Significance Telomerase is an enzyme that replicates chromosome ends to facilitate continued stem cell division. Mutations in telomerase or in telomerase-related genes result in stem cell-dysfunction diseases, such as dyskeratosis congenita (DC). Despite its devastating nature, DC currently has no cure. Here we report the crystal structure of a mutant protein implicated in DC to reveal how the mutation disrupts a region of the protein essential for telomerase function. Furthermore, we demonstrated that this mutation, when introduced into a human cell line, is sufficient to cause the cellular underpinnings of DC. Our results therefore make the strong prediction that correcting the mutation in the stem cells of the patient will reverse the cellular symptoms of disease. Telomerase replicates chromosome ends to facilitate continued cell division. Mutations that compromise telomerase function result in stem cell failure diseases, such as dyskeratosis congenita (DC). One such mutation (K170Δ), residing in the telomerase-recruitment factor TPP1, provides an excellent opportunity to structurally, biochemically, and genetically dissect the mechanism of such diseases. We show through site-directed mutagenesis and X-ray crystallography that this TPP1 disease mutation deforms the conformation of two critical amino acids of the TEL [TPP1’s glutamate (E) and leucine-rich (L)] patch, the surface of TPP1 that binds telomerase. Using CRISPR-Cas9 technology, we demonstrate that introduction of this mutation in a heterozygous manner is sufficient to shorten telomeres in human cells. Our findings rule out dominant-negative effects of the mutation. Instead, these findings implicate reduced TEL patch dosage in causing telomere shortening. Our studies provide mechanistic insight into telomerase-deficiency diseases and encourage the development of gene therapies to counter such diseases.

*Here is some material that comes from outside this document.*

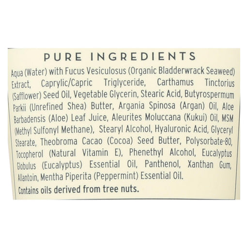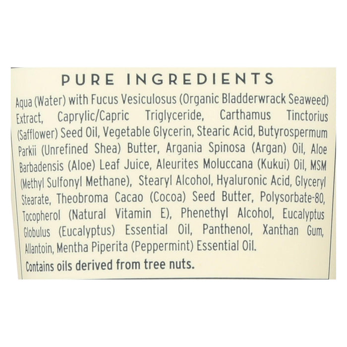 ingredients : aqua;water;with fucus vesiculosus;bladderwrack seaweed;and chlorella vulgaris extracts;caprylic/capric triglyceride;carthamus tinctorius;safflower;seed oil;glycerin;stearic acid;glyceryl stearate;stearyl alcohol;polysorbate 80;butyrospermum parkii;shea butter;theobroma cacao;cocoa;seed butter;sodium hyaluronate;aleurites moluccana;kukui;tocopherol;vitamin e;argania spinosa;argan;kernel oil;eucalyptus globulus;eucalyptus;oil;peppermint terpenes;triethyl citrate;mentha piperita;peppermint;aloe bar

Dissecting the telomere-inner nuclear membrane interface formed in meiosis

Tethering telomeres to the inner nuclear membrane (INM) allows homologous chromosome pairing during meiosis. The meiosis-specific protein TERB1 binds the telomeric protein TRF1 to establish telomere–INM connectivity and is essential for mouse fertility. Here we solve the structure of the human TRF1–TERB1 interface to reveal the structural basis for telomere–INM linkage. Disruption of this interface abrogates binding and compromises telomere–INM attachment in mice. An embedded CDK-phosphorylation site within the TRF1-binding region of TERB1 provides a mechanism for cap exchange, a late-pachytene phenomenon involving the dissociation of the TRF1–TERB1 complex. Indeed, further strengthening this interaction interferes with cap exchange. Finally, our biochemical analysis implicates distinct complexes for telomere–INM tethering and chromosome-end protection during meiosis. Our studies unravel the structure, stoichiometry, and physiological implications underlying telomere–INM tethering, thereby providing unprecedented insights into the unique function of telomeres in meiosis.